@ Fauntleroy Community Association: Updates on ‘house or parkland?’, Endolyne Triangle

Toplines from Tuesday night’s Fauntleroy Community Association board meeting:

HOUSE OR PARKLAND? FCA talked about the proposal presented last month by Seattle Parks’ Chip Nevins, a potential trade between the city and county, involving the house next to Cove Park north of the ferry dock – 8923 Fauntleroy Way SW – which the county had bought to use as a construction office and staging area during the Barton Pump Station Upgrade Project, but no longer needs. It’s on a 35-foot-wide strip of beach just beyond the sign in the photo below:

IMG_2975 (1)

FCA had understood that it would revert to single-family-house use, for which it’s zoned, after the project, though they haven’t yet discovered if that commitment is in writing somewhere. Nevins presented a proposal in which the county would trade it to the city in exchange for a street vacation giving it street-end land that’s part of the pump-station site. If the home site became parkland, it could expand Cove Park, a community-maintained sliver of beachfront.

Many details are yet to be worked out, including gathering of community feedback, with a public meeting set for May 24, 6:30 pm, at The Hall at Fauntleroy.

The FCA board decided not to take a position. But they do want to get out some information to clarify issues, questions, and misperceptions, and plan to publish it on the FCA website soon. For one, they think there may be a lack of awareness of the park that’s already there, possibly related to its below-street-level location as well as the fact it was closed for three years during the pump-station upgrade. They’re also concerned about the economic ramifications of turning the site into parkland and taking it out of the tax base. The property had sold for almost a million dollars before the project.

ENDOLYNE TRIANGLE WORK: Quick update on this, two months after SDOT’s Jim Curtin had come to the FCA board meeting to talk about the changes to be made to this area on the east side of the Endolyne business district. Marty Westerman, who’s been point person on the project, said Curtin told him the work will be done by the end of June; as the result of an informal vote at the end of last month’s FCA board meeting, the painted curb bulbs on the street will be brick red.

The FCA board meets second Tuesdays, 7 pm, at Fauntleroy Schoolhouse. Watch fauntleroy.net for updates between meetings.

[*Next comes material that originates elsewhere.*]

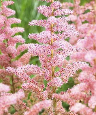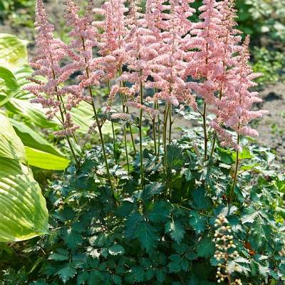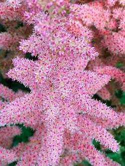Астильба Glitter and Glamour (Глиттер энд Гламур). Астильба имеет высоту до 80 см. Великолепное, многолетнее растение с большими розовыми перьями соцветий. Если вы внимательно посмотрите, вы увидите, что маленькие цветки темные в центре. Это растение имеет красивые, темно-зеленые листья и легко выращивается.

2 Replies to "@ Fauntleroy Community Association: Updates on 'house or parkland?', Endolyne Triangle"

  • Jon Wright May 13, 2016 (2:33 pm)

    It sounds to me like raising concerns “of turning the site into parkland and taking it out of the tax base” is a way to be a NIMBY without sounding like a NIMBY.

    • Claudia May 14, 2016 (10:01 pm)

      Yes, I agree. Thank you for adding that!